### Source records
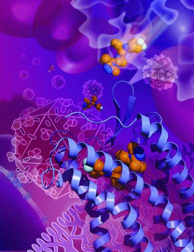 吴蓓丽团队通过解析蛋白质分子结构,揭示了HIV感染人体细胞的机制。图中紫色螺旋为CCR5蛋白分子,橘黄色和蓝色小球为马拉维诺,多面体为HIV。
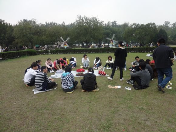 首先进行的是自由活动,同学们各自归各自地前进,深入玄武湖公园的中间,领略玄武湖的自然之美,感受玄武湖的自然之气。一处一处地逛,一处一处地拍照,最后,同学们来到了划船的地方,凑齐了四个、四个人,同学们便迫不及待地跳上了船,开始了一小时的划船之行。最后,到了十二点半的时候,同学们在情侣园教堂前的草坪上集合,有的在吃准备好的午饭;有的围成了一个大圈,开始了狼人牌的游戏;有的在聊天。差不多一点半的时候,所有的同学围成了一个大圈,玩起了游戏。从一开始的自我介绍兼真心话大冒险,到摸手游戏,到松鼠大树的游戏,同学们玩得不亦乐乎,笑声不断。同学们一边做着游戏,一边聊天,不知不觉中,使得数学与应用数学师范班更加和谐,更加温馨。
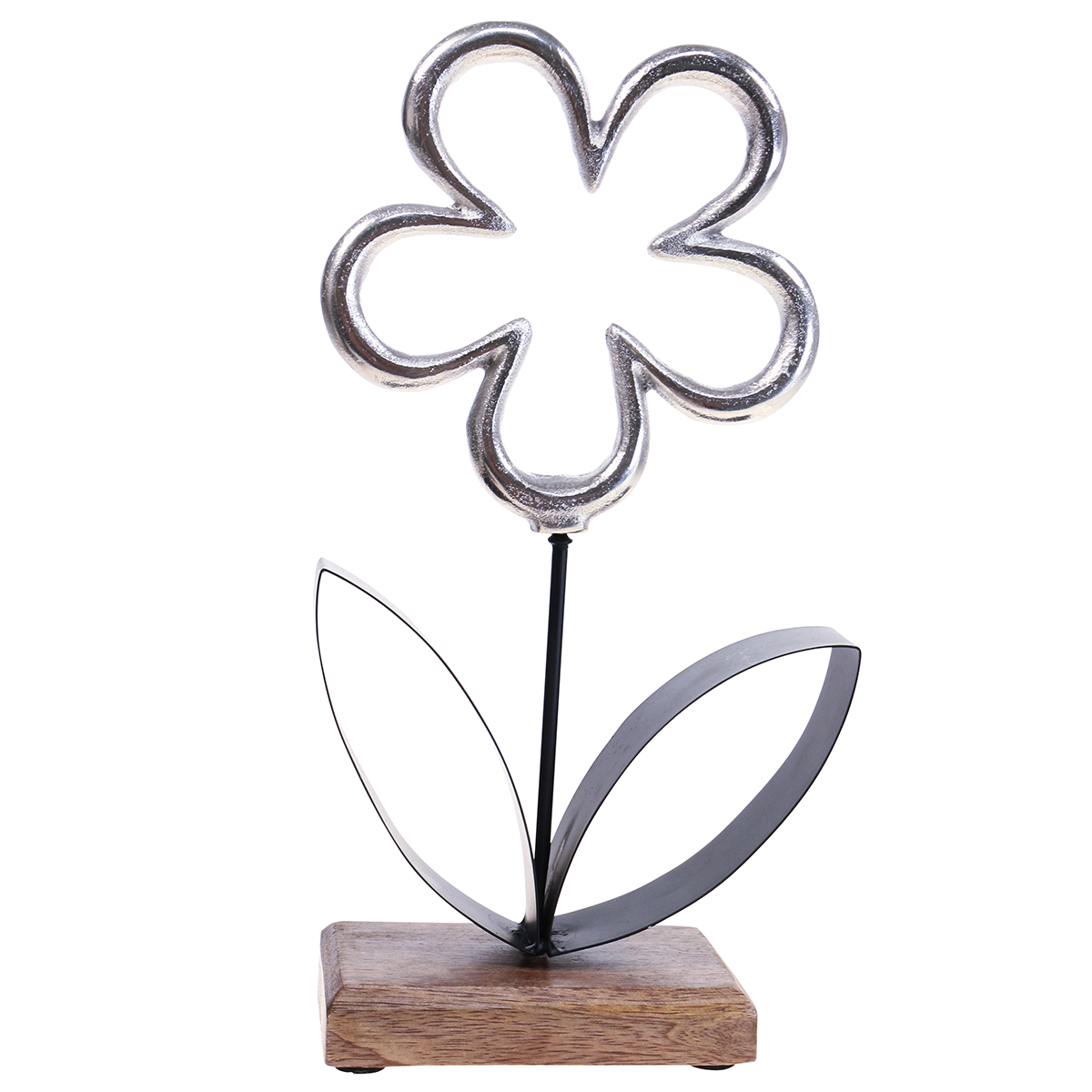 Koristekukan pohja on puuta, varsi ja iso kukka metallia. Kukan yksittäiset osat esitetään pelkkinä siluetteina. Pöydän koristelu on yhtä aikaa tyylikäs ja ystävällinen.
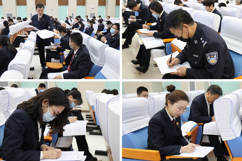 干警们认真答题,积极思考,会场考试纪律井然。
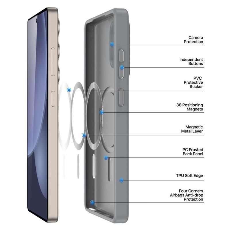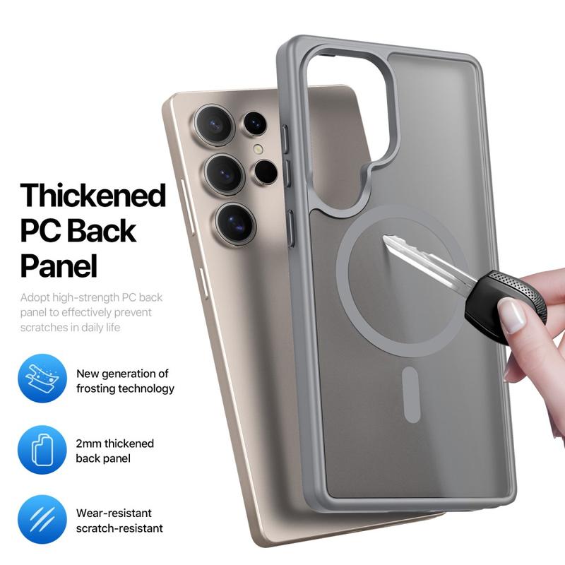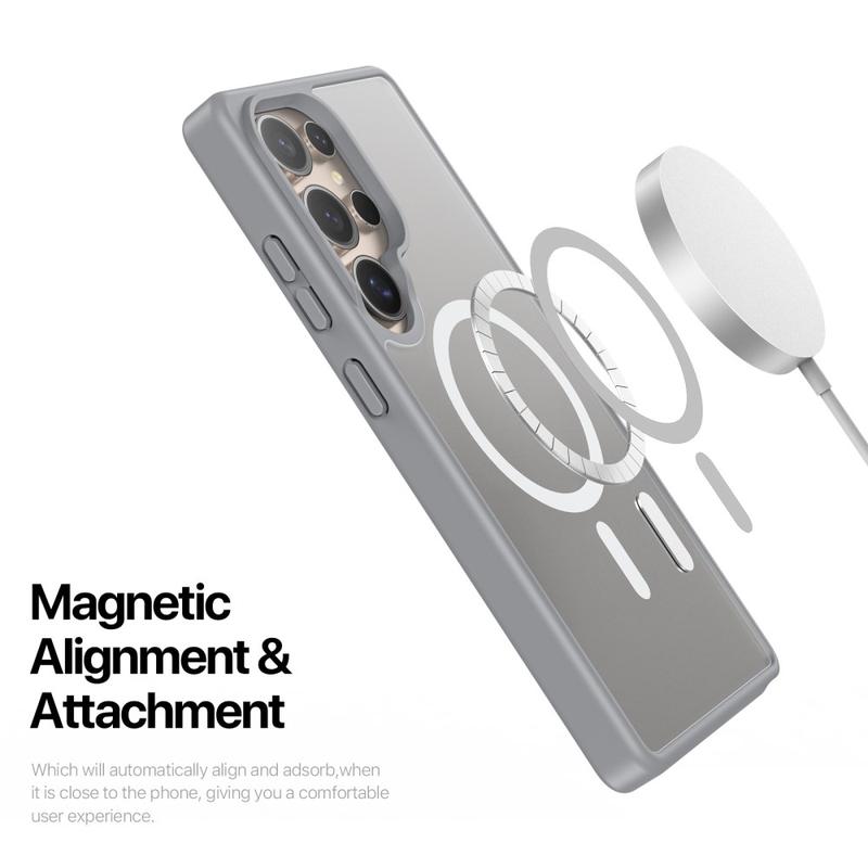 Protect your Samsung Galaxy S25 Ultra with a sleek matte cover that clicks straight onto MagSafe chargers and accessories. The Yind Series pairs a scratch-resistant PC backplate with shock-absorbing TPU edges and a precision-aligned magnetic ring, delivering cable-free power and all-round drop protection without bulky pockets.
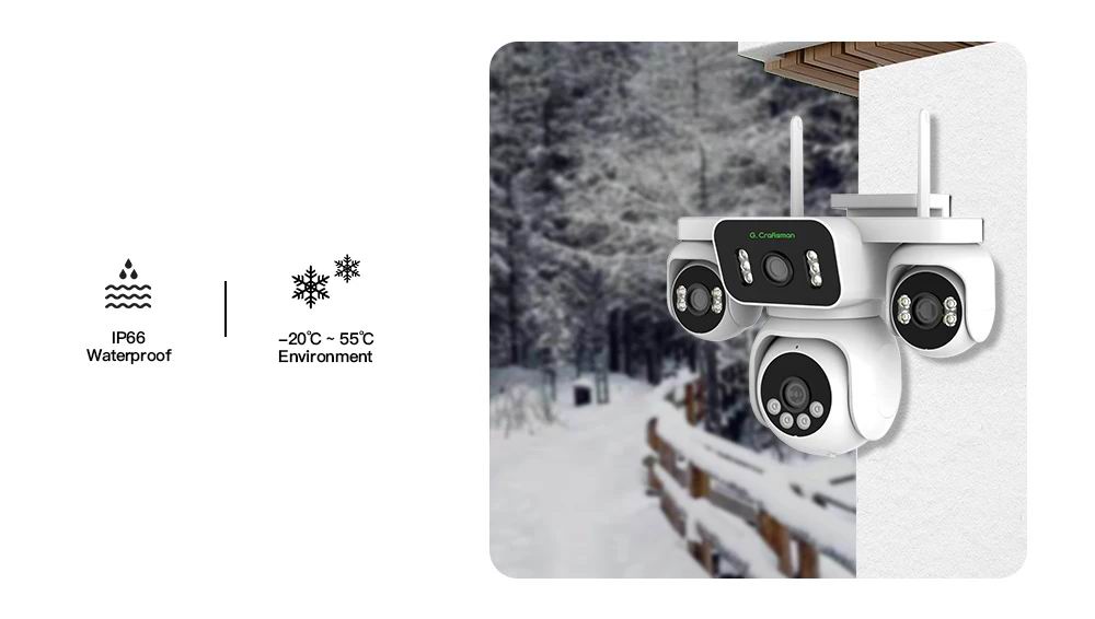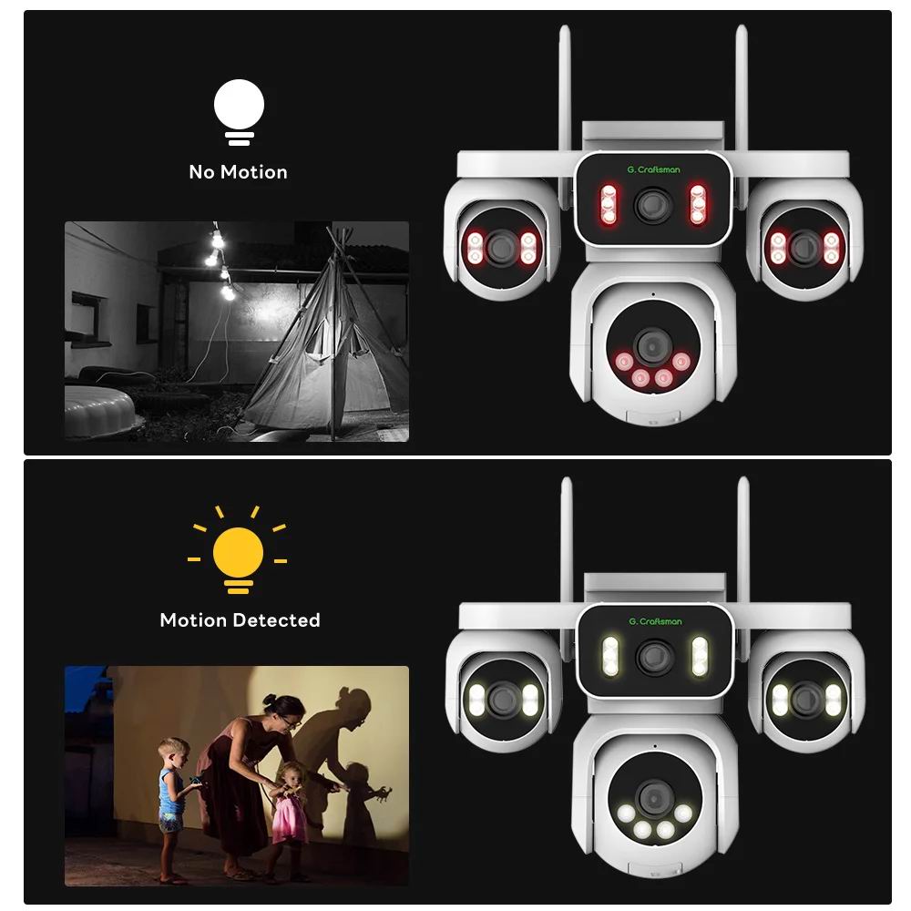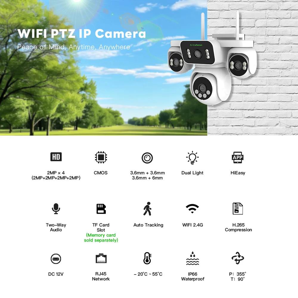 Оснащена головним чіпом керування Hisilicon, PTZ-камера G.Craftsamn gun-ball забезпечує 4-канальну потокову передачу 1080P для комбінованого 8-мегапіксельного ультрачіткого зображення, що забезпечує безперебійне панорамне спостереження на 360 градусів за допомогою одного пристрою.
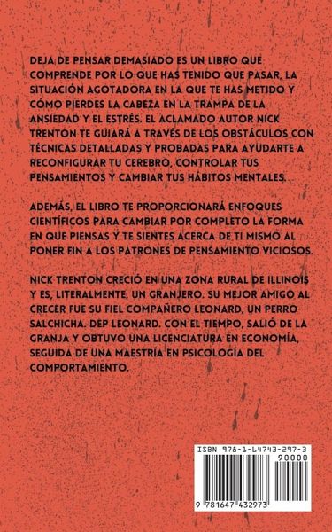 Supera los patrones de pensamiento negativos, reduce el estrés y vive una vida sin preocupaciones. Pensar demasiado es la mayor causa de infelicidad. No te quedes atrapado en un bucle de pensamientos sin fin. Vive el presente y deja de pensar en las cosas que no son importantes y que nunca lo serán. Libérate de tu prisión mental autoimpuesta. Deja deja de pensar demasiado es un libro que comprende por lo que has tenido que pasar, la situación agotadora en la que te has metido y cómo pierdes la cabeza en la trampa de la ansiedad y el estrés. El aclamado autor Nick Trenton te guiará a través de los obstáculos con técnicas detalladas y probadas para ayudarte a reconfigurar tu cerebro, controlar tus pensamientos y cambiar tus hábitos mentales. Además, el libro te proporcionará enfoques científicos para cambiar por completo la forma en que piensas y te sientes acerca de ti mismo al poner fin a los patrones de pensamiento viciosos. Deja de agonizar por el pasado e intenta predecir el futuro. Nick Trenton creció en una zona rural de Illinois y es, literalmente, un granjero. Su mejor amigo al crecer fue su fiel compañero Leonard, un perro salchicha. DEP Leonard. Con el tiempo, salió de la granja y obtuvo una licenciatura en economía, seguida de una maestría en psicología del comportamiento. Formas poderosas de dejar de rumiar y pensar en pensamientos negativos. -Cómo ser consciente de los desencadenantes espirales negativos. -Identificar y reconocer tus ansiedades internas. -Cómo mantener el enfoque en la relajación y la acción. -Métodos probados para superar los ataques de estrés. -Aprende a despejar tu mente y a concentrarte. Libera tu potencial ilimitado y comienza a vivir. Se acabó la autocrítica. Se acabaron las noches sin dormir por estar dando vueltas a la cabeza a las cosas. Libera tu mente de pensar demasiado y logra más, siéntete mejor y libera tu potencial. Por fin podrás vivir en el presente.

### Exercise objective
Every line above is to be repeated exactly, but no picture is to appear in the copy.

### The completed task
 吴蓓丽团队通过解析蛋白质分子结构,揭示了HIV感染人体细胞的机制。图中紫色螺旋为CCR5蛋白分子,橘黄色和蓝色小球为马拉维诺,多面体为HIV。
 首先进行的是自由活动,同学们各自归各自地前进,深入玄武湖公园的中间,领略玄武湖的自然之美,感受玄武湖的自然之气。一处一处地逛,一处一处地拍照,最后,同学们来到了划船的地方,凑齐了四个、四个人,同学们便迫不及待地跳上了船,开始了一小时的划船之行。最后,到了十二点半的时候,同学们在情侣园教堂前的草坪上集合,有的在吃准备好的午饭;有的围成了一个大圈,开始了狼人牌的游戏;有的在聊天。差不多一点半的时候,所有的同学围成了一个大圈,玩起了游戏。从一开始的自我介绍兼真心话大冒险,到摸手游戏,到松鼠大树的游戏,同学们玩得不亦乐乎,笑声不断。同学们一边做着游戏,一边聊天,不知不觉中,使得数学与应用数学师范班更加和谐,更加温馨。
 Koristekukan pohja on puuta, varsi ja iso kukka metallia. Kukan yksittäiset osat esitetään pelkkinä siluetteina. Pöydän koristelu on yhtä aikaa tyylikäs ja ystävällinen.
 干警们认真答题,积极思考,会场考试纪律井然。
 Protect your Samsung Galaxy S25 Ultra with a sleek matte cover that clicks straight onto MagSafe chargers and accessories. The Yind Series pairs a scratch-resistant PC backplate with shock-absorbing TPU edges and a precision-aligned magnetic ring, delivering cable-free power and all-round drop protection without bulky pockets.
 Оснащена головним чіпом керування Hisilicon, PTZ-камера G.Craftsamn gun-ball забезпечує 4-канальну потокову передачу 1080P для комбінованого 8-мегапіксельного ультрачіткого зображення, що забезпечує безперебійне панорамне спостереження на 360 градусів за допомогою одного пристрою.
 Supera los patrones de pensamiento negativos, reduce el estrés y vive una vida sin preocupaciones. Pensar demasiado es la mayor causa de infelicidad. No te quedes atrapado en un bucle de pensamientos sin fin. Vive el presente y deja de pensar en las cosas que no son importantes y que nunca lo serán. Libérate de tu prisión mental autoimpuesta. Deja deja de pensar demasiado es un libro que comprende por lo que has tenido que pasar, la situación agotadora en la que te has metido y cómo pierdes la cabeza en la trampa de la ansiedad y el estrés. El aclamado autor Nick Trenton te guiará a través de los obstáculos con técnicas detalladas y probadas para ayudarte a reconfigurar tu cerebro, controlar tus pensamientos y cambiar tus hábitos mentales. Además, el libro te proporcionará enfoques científicos para cambiar por completo la forma en que piensas y te sientes acerca de ti mismo al poner fin a los patrones de pensamiento viciosos. Deja de agonizar por el pasado e intenta predecir el futuro. Nick Trenton creció en una zona rural de Illinois y es, literalmente, un granjero. Su mejor amigo al crecer fue su fiel compañero Leonard, un perro salchicha. DEP Leonard. Con el tiempo, salió de la granja y obtuvo una licenciatura en economía, seguida de una maestría en psicología del comportamiento. Formas poderosas de dejar de rumiar y pensar en pensamientos negativos. -Cómo ser consciente de los desencadenantes espirales negativos. -Identificar y reconocer tus ansiedades internas. -Cómo mantener el enfoque en la relajación y la acción. -Métodos probados para superar los ataques de estrés. -Aprende a despejar tu mente y a concentrarte. Libera tu potencial ilimitado y comienza a vivir. Se acabó la autocrítica. Se acabaron las noches sin dormir por estar dando vueltas a la cabeza a las cosas. Libera tu mente de pensar demasiado y logra más, siéntete mejor y libera tu potencial. Por fin podrás vivir en el presente.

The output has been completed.